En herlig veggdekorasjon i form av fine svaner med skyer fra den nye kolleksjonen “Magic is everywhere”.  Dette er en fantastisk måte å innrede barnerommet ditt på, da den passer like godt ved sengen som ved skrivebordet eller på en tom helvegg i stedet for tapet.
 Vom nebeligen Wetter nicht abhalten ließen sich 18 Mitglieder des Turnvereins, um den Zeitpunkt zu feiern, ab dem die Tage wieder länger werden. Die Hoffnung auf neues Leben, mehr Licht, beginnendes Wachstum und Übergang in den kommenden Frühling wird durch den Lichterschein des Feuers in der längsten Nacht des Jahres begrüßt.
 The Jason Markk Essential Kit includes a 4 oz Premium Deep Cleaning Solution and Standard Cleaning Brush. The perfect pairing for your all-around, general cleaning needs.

──────────

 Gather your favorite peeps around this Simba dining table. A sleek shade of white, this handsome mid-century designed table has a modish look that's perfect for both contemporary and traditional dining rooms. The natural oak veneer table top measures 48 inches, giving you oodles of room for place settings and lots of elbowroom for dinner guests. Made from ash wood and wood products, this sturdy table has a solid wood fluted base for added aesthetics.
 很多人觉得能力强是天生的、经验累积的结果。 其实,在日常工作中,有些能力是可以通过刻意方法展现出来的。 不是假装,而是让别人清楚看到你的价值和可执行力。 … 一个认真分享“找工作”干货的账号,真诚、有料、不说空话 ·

──────────

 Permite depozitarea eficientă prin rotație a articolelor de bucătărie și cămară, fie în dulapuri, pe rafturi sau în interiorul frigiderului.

──────────

The expected output is exactly the lines of the listing above between the line holding "Gather your favorite" and the line holding "其实,在日常工作中,有些能力是可以通过刻意方法展现出来的。 不是假装,而是让别人清楚看到你的价值和可执行力。 …", inclusive.

• Exercise answer:
 Gather your favorite peeps around this Simba dining table. A sleek shade of white, this handsome mid-century designed table has a modish look that's perfect for both contemporary and traditional dining rooms. The natural oak veneer table top measures 48 inches, giving you oodles of room for place settings and lots of elbowroom for dinner guests. Made from ash wood and wood products, this sturdy table has a solid wood fluted base for added aesthetics.
 很多人觉得能力强是天生的、经验累积的结果。 其实,在日常工作中,有些能力是可以通过刻意方法展现出来的。 不是假装,而是让别人清楚看到你的价值和可执行力。 … 一个认真分享“找工作”干货的账号,真诚、有料、不说空话 ·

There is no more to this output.